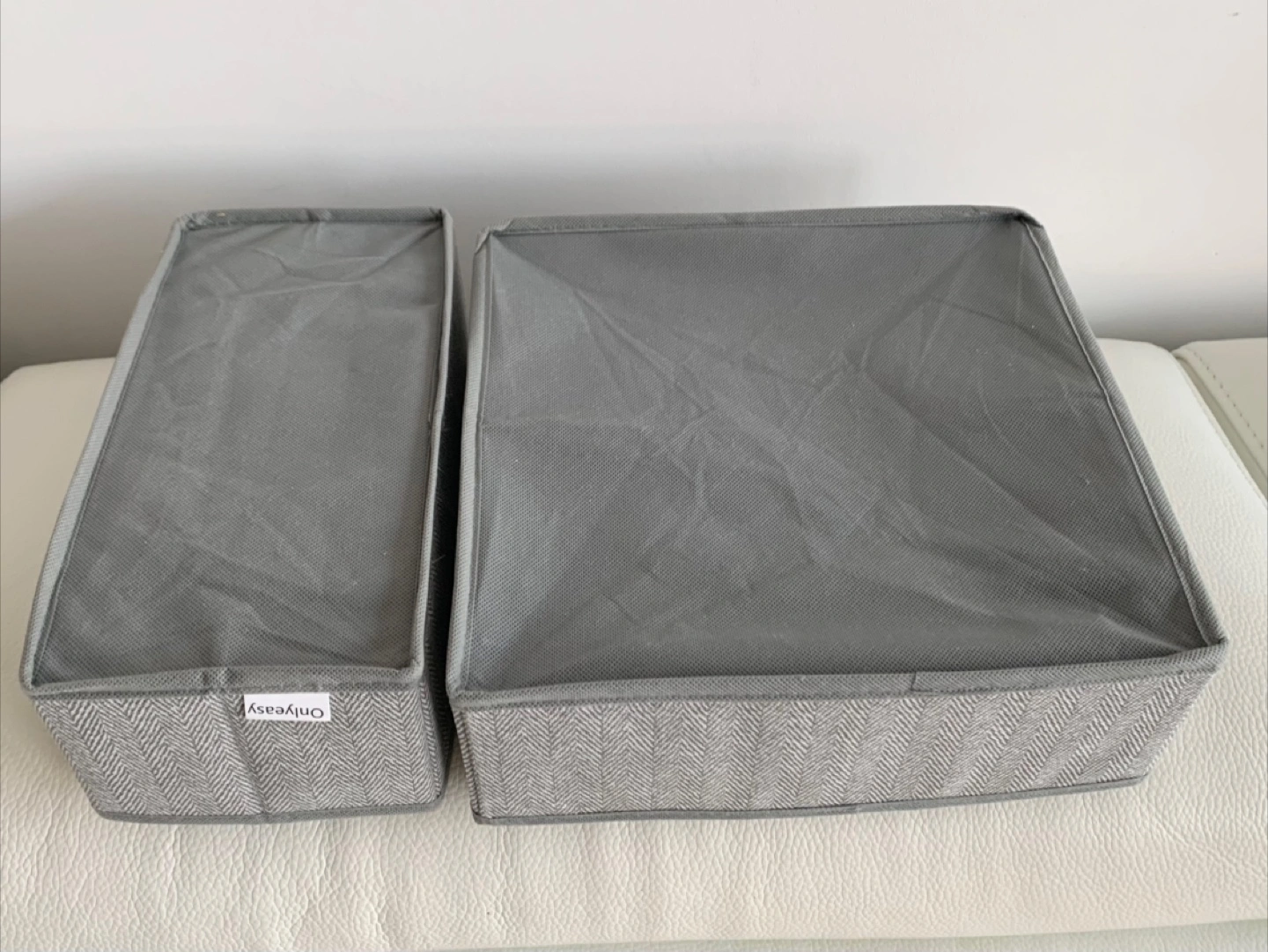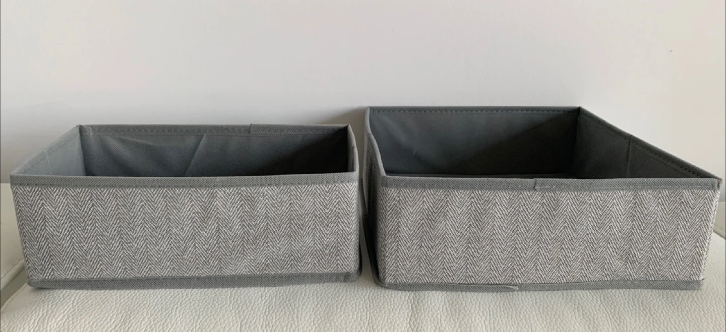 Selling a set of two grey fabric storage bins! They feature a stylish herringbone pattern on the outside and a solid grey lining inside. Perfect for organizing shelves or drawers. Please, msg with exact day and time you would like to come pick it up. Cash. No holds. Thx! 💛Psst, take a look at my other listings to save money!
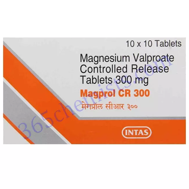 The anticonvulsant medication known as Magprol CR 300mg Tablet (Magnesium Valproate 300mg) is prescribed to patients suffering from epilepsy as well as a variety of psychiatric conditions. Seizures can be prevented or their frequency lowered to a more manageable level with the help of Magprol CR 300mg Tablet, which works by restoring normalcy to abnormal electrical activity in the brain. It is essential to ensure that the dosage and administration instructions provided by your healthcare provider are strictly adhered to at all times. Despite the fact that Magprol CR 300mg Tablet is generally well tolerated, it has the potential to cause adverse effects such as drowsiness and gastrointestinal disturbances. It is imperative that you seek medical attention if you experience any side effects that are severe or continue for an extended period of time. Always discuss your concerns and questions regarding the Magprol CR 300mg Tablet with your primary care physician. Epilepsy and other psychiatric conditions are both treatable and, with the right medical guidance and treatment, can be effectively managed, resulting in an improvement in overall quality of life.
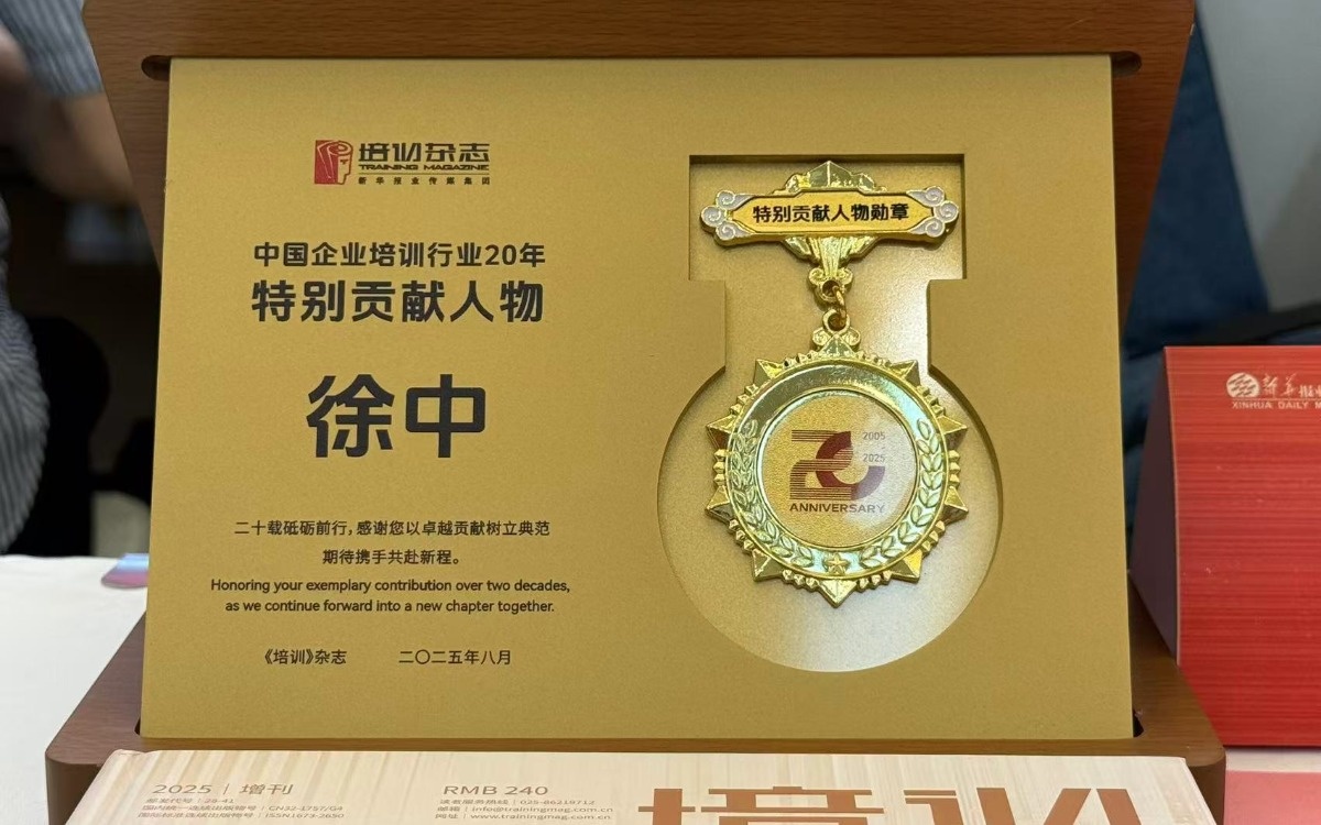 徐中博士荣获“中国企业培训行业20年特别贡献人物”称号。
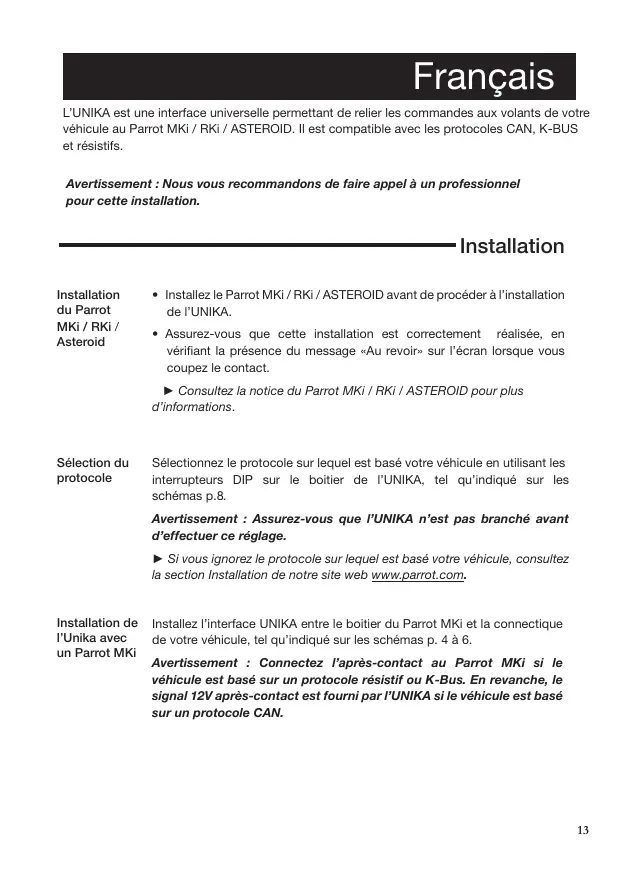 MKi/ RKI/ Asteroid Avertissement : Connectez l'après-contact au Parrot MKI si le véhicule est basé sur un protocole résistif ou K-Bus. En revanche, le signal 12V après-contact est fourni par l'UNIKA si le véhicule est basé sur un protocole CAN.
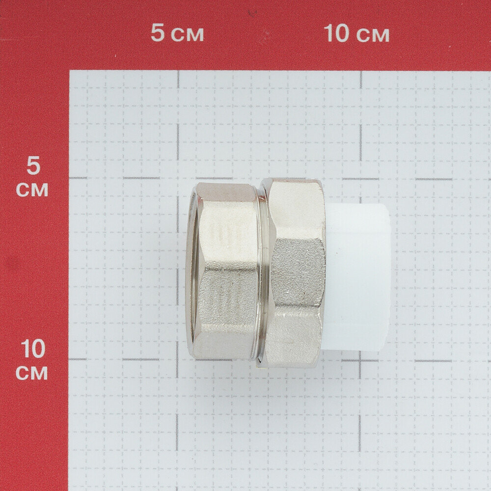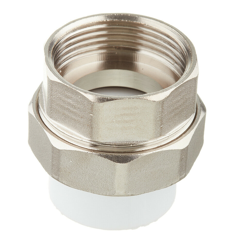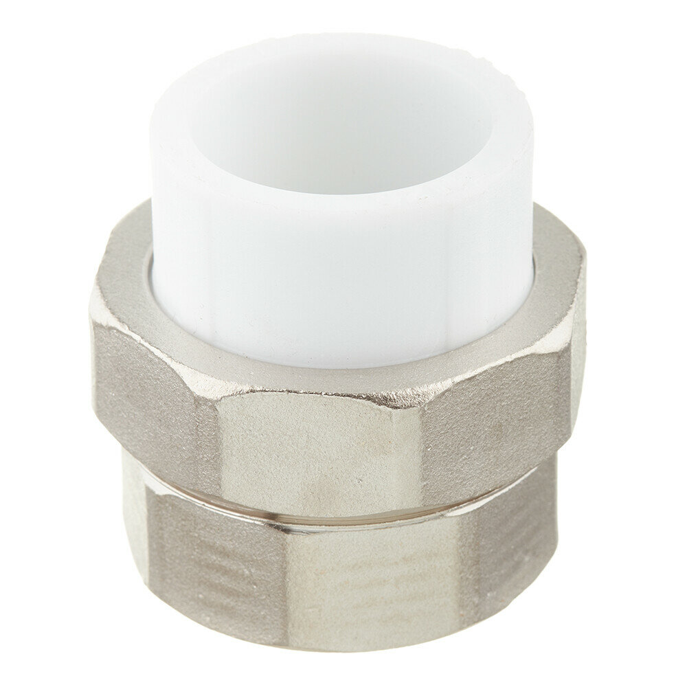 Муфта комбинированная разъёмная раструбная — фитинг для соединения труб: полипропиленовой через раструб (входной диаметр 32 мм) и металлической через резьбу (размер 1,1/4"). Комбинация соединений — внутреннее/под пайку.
* * *
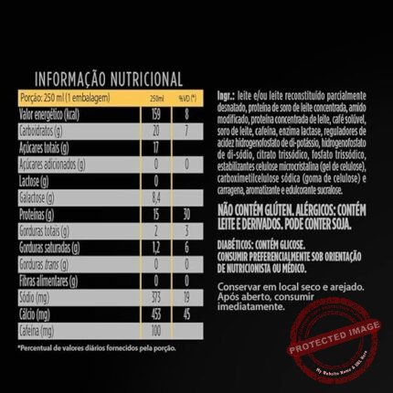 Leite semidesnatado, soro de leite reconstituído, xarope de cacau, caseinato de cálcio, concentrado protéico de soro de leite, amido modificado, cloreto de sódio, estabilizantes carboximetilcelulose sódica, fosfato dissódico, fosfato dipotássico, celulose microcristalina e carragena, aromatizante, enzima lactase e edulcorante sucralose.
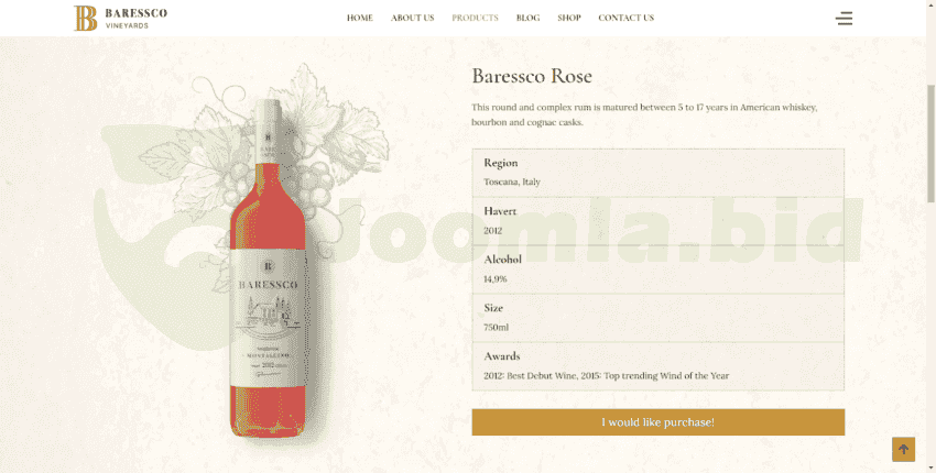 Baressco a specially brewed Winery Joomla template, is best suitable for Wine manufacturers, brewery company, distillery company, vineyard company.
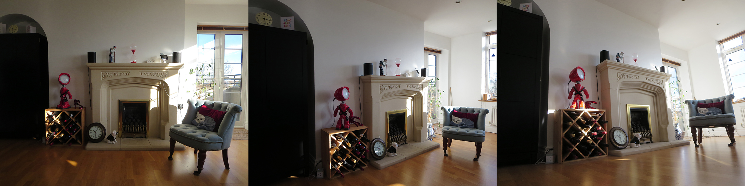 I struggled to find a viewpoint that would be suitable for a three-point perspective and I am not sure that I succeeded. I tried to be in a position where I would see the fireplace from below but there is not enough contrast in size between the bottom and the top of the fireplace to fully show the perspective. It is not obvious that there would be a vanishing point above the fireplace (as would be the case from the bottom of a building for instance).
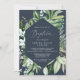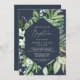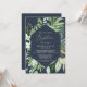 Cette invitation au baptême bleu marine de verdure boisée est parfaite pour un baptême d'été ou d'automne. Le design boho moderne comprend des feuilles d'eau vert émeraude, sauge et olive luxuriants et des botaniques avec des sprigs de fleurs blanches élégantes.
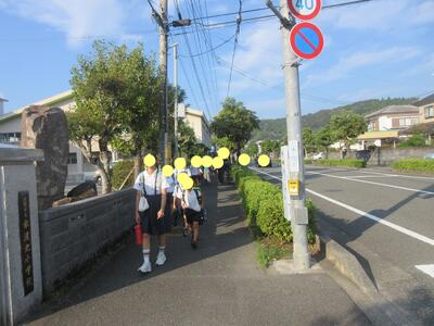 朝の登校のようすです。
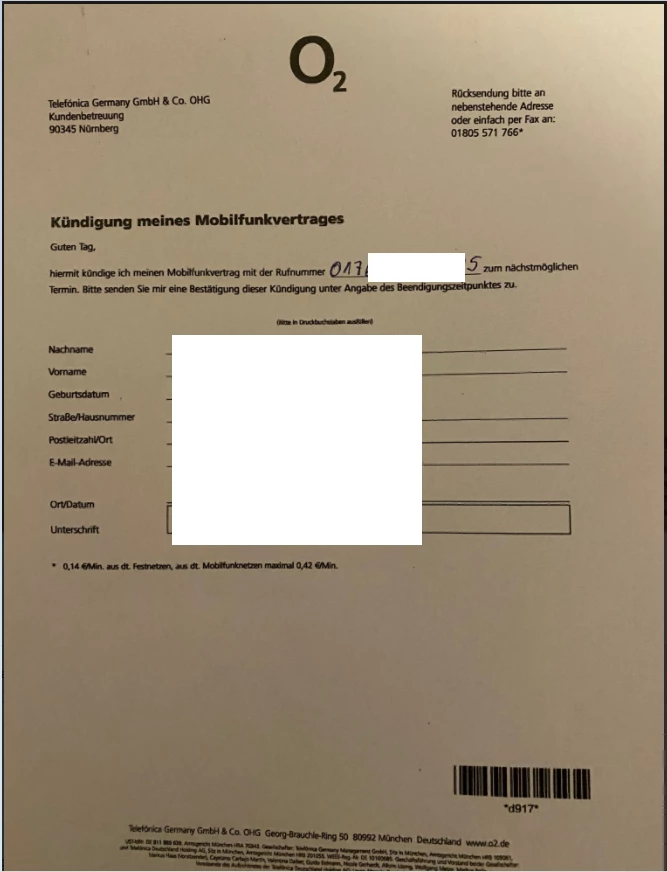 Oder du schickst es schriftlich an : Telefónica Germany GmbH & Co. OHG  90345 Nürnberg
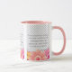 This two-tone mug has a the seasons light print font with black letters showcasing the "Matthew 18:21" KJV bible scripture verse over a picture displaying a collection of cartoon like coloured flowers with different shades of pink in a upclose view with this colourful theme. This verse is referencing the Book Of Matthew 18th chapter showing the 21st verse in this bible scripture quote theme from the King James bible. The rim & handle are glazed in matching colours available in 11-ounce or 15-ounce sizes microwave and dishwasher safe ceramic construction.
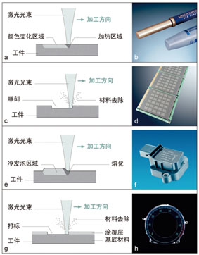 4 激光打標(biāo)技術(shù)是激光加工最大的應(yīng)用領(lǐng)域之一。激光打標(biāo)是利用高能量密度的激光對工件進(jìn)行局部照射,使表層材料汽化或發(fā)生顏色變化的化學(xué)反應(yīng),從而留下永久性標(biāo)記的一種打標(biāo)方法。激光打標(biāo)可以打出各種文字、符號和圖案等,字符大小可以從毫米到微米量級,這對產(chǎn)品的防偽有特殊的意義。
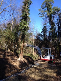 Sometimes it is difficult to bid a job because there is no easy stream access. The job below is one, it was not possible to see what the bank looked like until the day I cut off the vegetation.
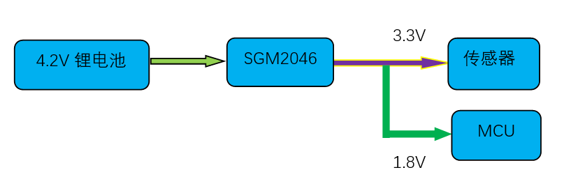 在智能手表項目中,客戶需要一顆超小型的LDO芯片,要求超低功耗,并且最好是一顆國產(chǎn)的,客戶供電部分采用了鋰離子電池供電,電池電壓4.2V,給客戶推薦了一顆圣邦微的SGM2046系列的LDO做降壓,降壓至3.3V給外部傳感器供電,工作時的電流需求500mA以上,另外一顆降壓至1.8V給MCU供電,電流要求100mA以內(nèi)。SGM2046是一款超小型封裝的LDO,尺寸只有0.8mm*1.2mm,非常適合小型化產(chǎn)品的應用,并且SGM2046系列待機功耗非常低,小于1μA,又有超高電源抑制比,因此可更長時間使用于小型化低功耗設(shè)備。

**WORK REQUEST:**
Produce an exact reproduction of the listing above, limited to the lines starting at the line with "Oder du schickst" and ending at the line with "This two-tone mug", both kept, with every picture left out.

**RESULT OF THE TASK:**
 Oder du schickst es schriftlich an : Telefónica Germany GmbH & Co. OHG  90345 Nürnberg
 This two-tone mug has a the seasons light print font with black letters showcasing the "Matthew 18:21" KJV bible scripture verse over a picture displaying a collection of cartoon like coloured flowers with different shades of pink in a upclose view with this colourful theme. This verse is referencing the Book Of Matthew 18th chapter showing the 21st verse in this bible scripture quote theme from the King James bible. The rim & handle are glazed in matching colours available in 11-ounce or 15-ounce sizes microwave and dishwasher safe ceramic construction.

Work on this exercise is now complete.